● **WHAT IS BEING ASKED**
Repeat exactly the lines of the material below that run from the "国产通用 包塑穿线金属软管 普通-内径75 10米 1卷" line to the "近日,中共福建省委教育工委公" line, including both, and do not carry over any pictures.

● **MATERIAL FOR THIS EXERCISE**
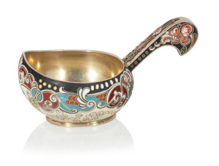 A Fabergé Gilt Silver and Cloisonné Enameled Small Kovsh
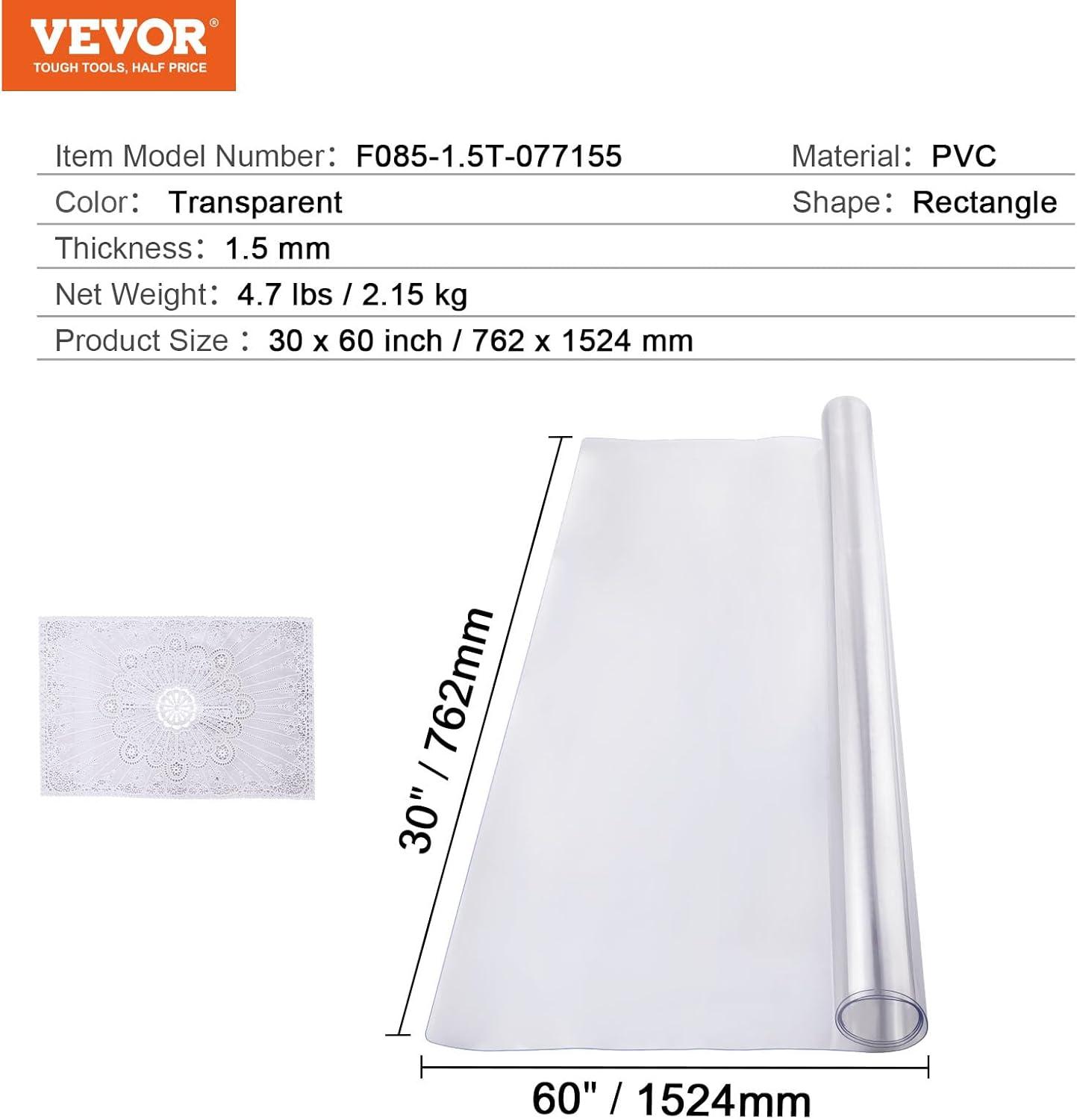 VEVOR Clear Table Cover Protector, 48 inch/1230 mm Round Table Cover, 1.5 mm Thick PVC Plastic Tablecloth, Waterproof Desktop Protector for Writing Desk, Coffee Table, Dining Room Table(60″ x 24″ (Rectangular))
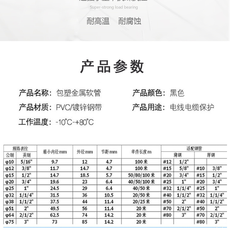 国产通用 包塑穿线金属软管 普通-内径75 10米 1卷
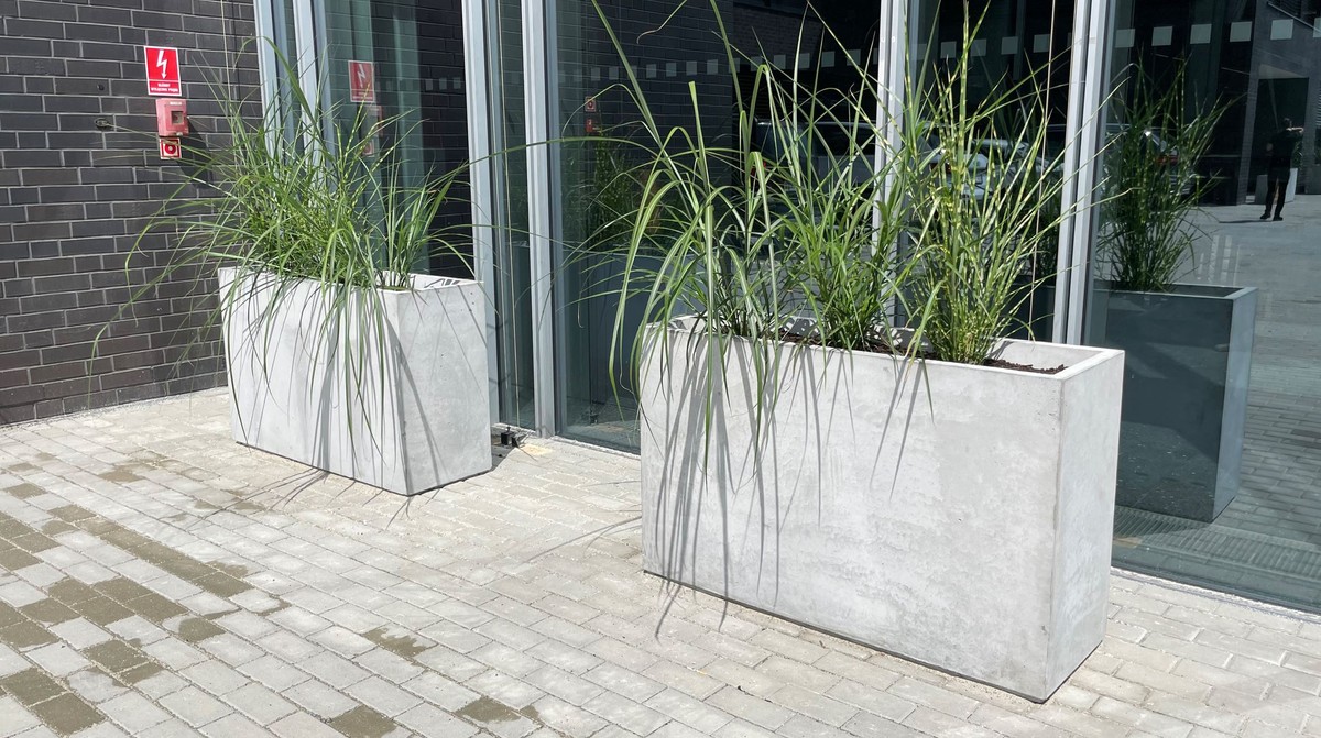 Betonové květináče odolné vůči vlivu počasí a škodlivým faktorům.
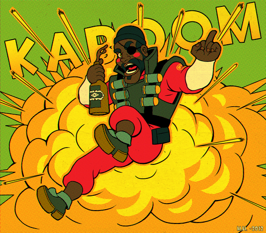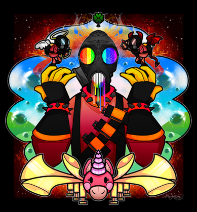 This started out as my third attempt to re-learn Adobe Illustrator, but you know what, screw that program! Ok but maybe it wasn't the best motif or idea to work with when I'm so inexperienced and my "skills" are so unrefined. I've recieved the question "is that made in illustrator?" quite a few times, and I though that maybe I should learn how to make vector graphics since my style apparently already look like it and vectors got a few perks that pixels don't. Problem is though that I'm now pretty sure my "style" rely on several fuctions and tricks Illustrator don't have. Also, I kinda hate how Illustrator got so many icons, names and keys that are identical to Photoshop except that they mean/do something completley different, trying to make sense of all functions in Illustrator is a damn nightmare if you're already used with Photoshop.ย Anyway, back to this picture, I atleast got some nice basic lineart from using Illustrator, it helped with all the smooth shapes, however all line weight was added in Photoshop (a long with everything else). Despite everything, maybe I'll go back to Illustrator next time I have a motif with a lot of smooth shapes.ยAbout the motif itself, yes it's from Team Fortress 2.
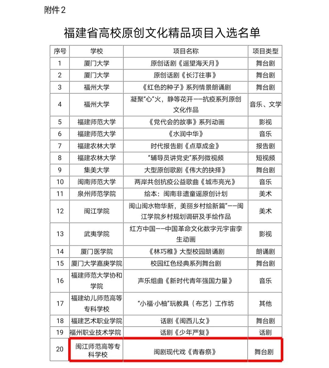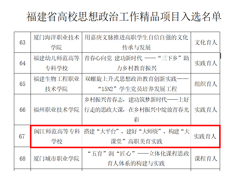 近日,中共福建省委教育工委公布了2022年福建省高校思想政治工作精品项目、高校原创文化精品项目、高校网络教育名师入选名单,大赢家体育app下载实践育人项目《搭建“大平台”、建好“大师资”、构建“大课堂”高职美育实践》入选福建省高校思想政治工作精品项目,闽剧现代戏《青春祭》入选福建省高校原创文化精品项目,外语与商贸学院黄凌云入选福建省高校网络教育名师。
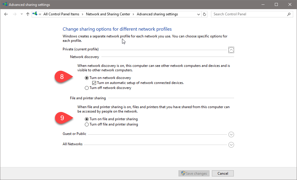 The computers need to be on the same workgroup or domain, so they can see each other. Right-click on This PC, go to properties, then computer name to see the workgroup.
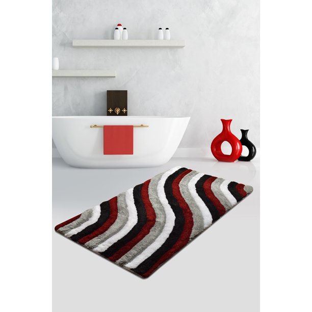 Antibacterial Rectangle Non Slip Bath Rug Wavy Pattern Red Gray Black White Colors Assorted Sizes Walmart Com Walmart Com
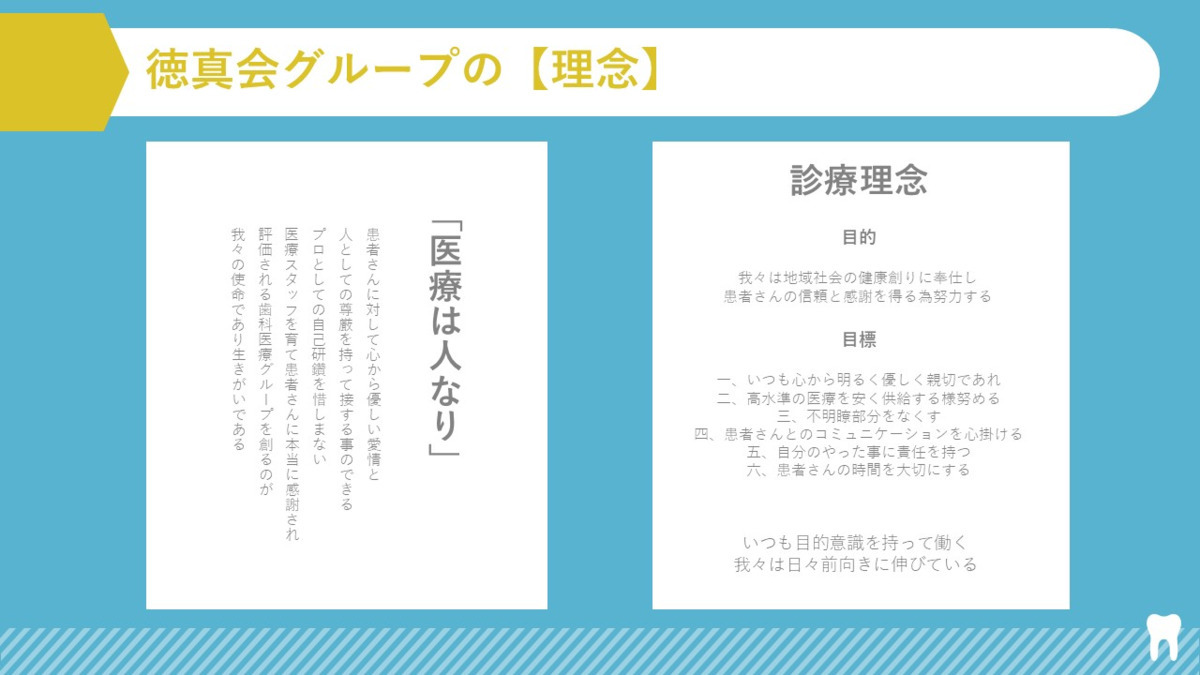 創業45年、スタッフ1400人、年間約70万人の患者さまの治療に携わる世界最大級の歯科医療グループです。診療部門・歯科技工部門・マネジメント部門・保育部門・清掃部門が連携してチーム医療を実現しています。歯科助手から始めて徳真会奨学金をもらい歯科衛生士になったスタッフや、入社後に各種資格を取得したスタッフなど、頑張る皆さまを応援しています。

---

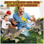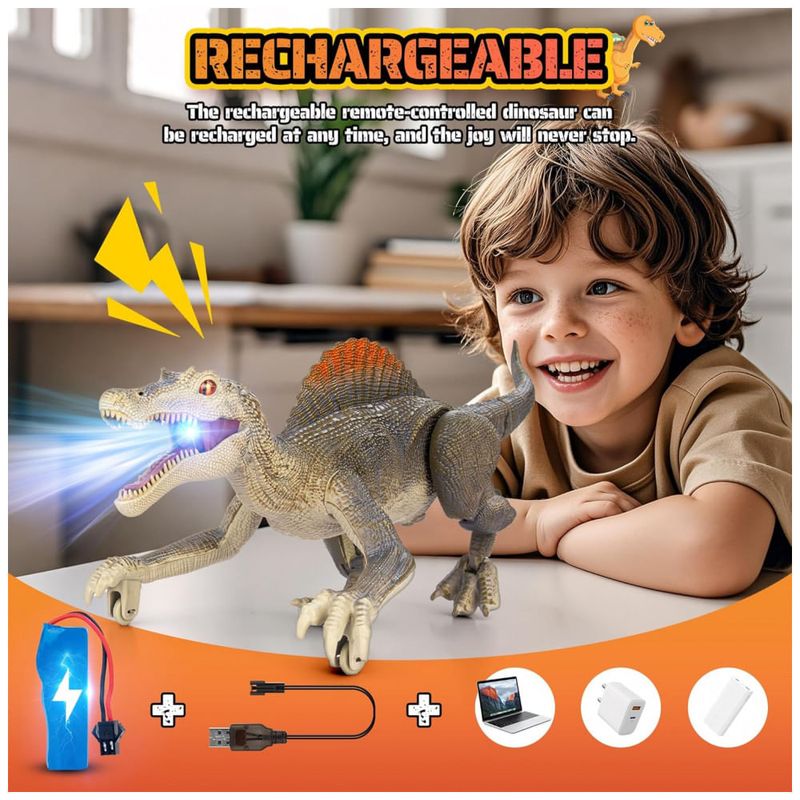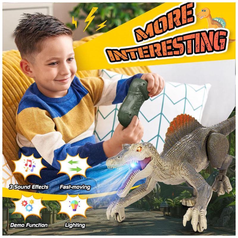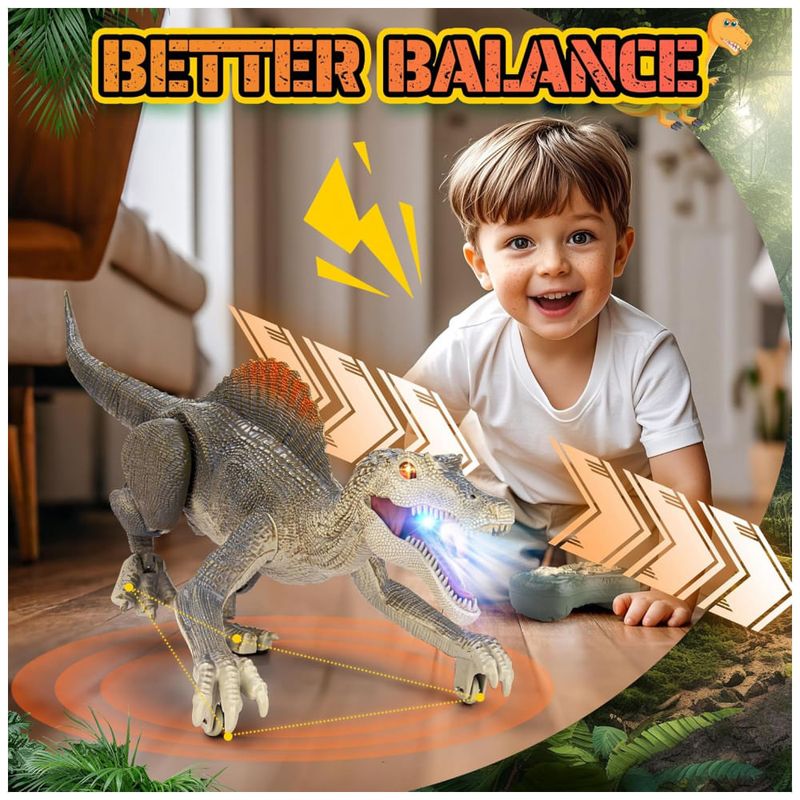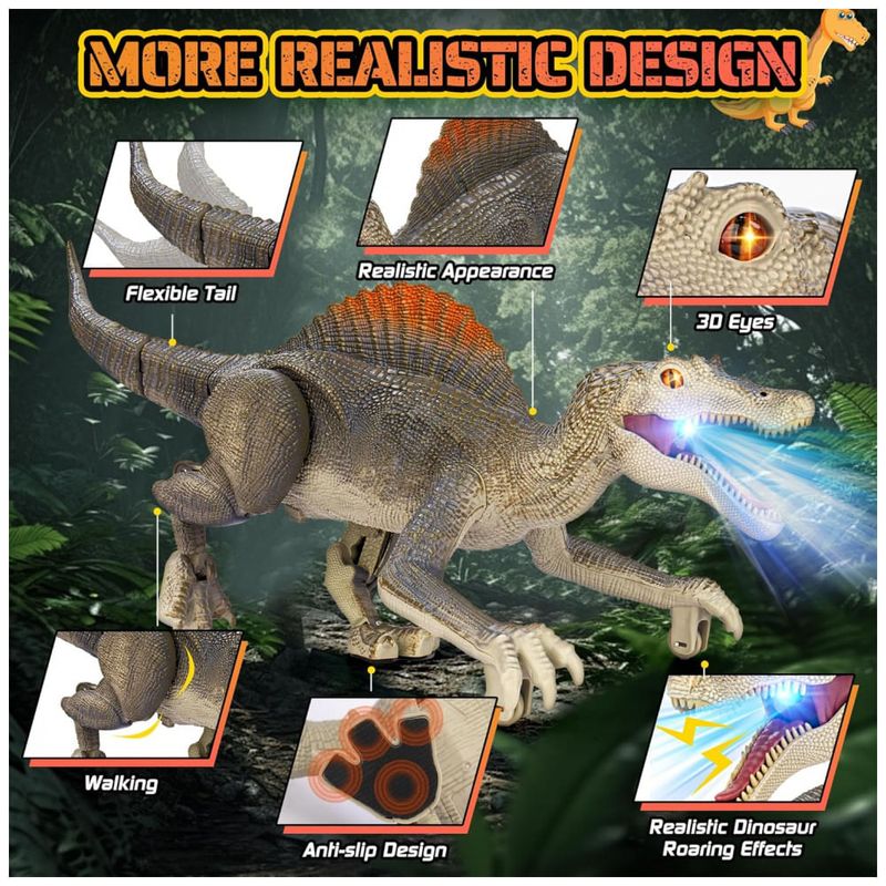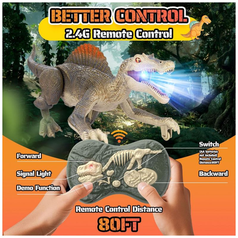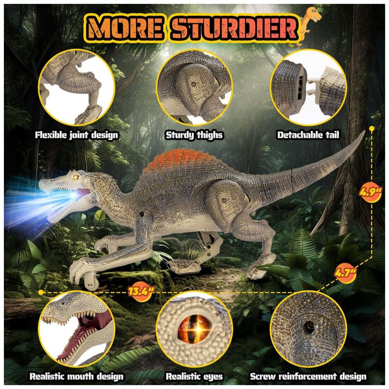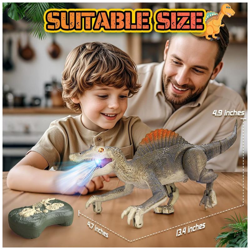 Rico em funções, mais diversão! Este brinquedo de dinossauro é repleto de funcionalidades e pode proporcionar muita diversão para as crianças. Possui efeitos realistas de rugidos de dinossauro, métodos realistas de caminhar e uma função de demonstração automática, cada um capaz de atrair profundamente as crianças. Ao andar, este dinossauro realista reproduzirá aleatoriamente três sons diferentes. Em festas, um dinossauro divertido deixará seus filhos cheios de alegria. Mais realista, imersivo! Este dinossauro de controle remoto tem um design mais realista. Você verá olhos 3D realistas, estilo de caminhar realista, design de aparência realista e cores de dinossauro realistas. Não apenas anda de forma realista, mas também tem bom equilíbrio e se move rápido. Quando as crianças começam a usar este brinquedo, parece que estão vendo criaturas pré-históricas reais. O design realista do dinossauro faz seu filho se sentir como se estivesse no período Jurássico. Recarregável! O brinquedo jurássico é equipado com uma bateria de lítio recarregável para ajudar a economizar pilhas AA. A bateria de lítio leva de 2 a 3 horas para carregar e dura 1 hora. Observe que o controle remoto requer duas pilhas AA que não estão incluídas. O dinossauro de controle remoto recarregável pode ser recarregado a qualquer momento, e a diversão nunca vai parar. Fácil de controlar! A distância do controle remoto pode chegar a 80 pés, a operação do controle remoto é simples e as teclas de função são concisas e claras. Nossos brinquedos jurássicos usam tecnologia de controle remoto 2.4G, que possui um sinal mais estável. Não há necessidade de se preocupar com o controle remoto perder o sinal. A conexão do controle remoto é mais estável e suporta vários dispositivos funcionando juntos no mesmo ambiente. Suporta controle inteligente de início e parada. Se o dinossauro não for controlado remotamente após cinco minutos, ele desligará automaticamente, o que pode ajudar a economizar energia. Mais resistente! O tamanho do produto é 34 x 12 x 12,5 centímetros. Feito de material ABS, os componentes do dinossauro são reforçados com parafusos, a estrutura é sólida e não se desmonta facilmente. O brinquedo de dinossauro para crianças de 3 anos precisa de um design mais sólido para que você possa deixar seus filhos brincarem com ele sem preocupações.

● **SOLUTION**
 国产通用 包塑穿线金属软管 普通-内径75 10米 1卷
 Betonové květináče odolné vůči vlivu počasí a škodlivým faktorům.
 This started out as my third attempt to re-learn Adobe Illustrator, but you know what, screw that program! Ok but maybe it wasn't the best motif or idea to work with when I'm so inexperienced and my "skills" are so unrefined. I've recieved the question "is that made in illustrator?" quite a few times, and I though that maybe I should learn how to make vector graphics since my style apparently already look like it and vectors got a few perks that pixels don't. Problem is though that I'm now pretty sure my "style" rely on several fuctions and tricks Illustrator don't have. Also, I kinda hate how Illustrator got so many icons, names and keys that are identical to Photoshop except that they mean/do something completley different, trying to make sense of all functions in Illustrator is a damn nightmare if you're already used with Photoshop.ย Anyway, back to this picture, I atleast got some nice basic lineart from using Illustrator, it helped with all the smooth shapes, however all line weight was added in Photoshop (a long with everything else). Despite everything, maybe I'll go back to Illustrator next time I have a motif with a lot of smooth shapes.ยAbout the motif itself, yes it's from Team Fortress 2.
 近日,中共福建省委教育工委公布了2022年福建省高校思想政治工作精品项目、高校原创文化精品项目、高校网络教育名师入选名单,大赢家体育app下载实践育人项目《搭建“大平台”、建好“大师资”、构建“大课堂”高职美育实践》入选福建省高校思想政治工作精品项目,闽剧现代戏《青春祭》入选福建省高校原创文化精品项目,外语与商贸学院黄凌云入选福建省高校网络教育名师。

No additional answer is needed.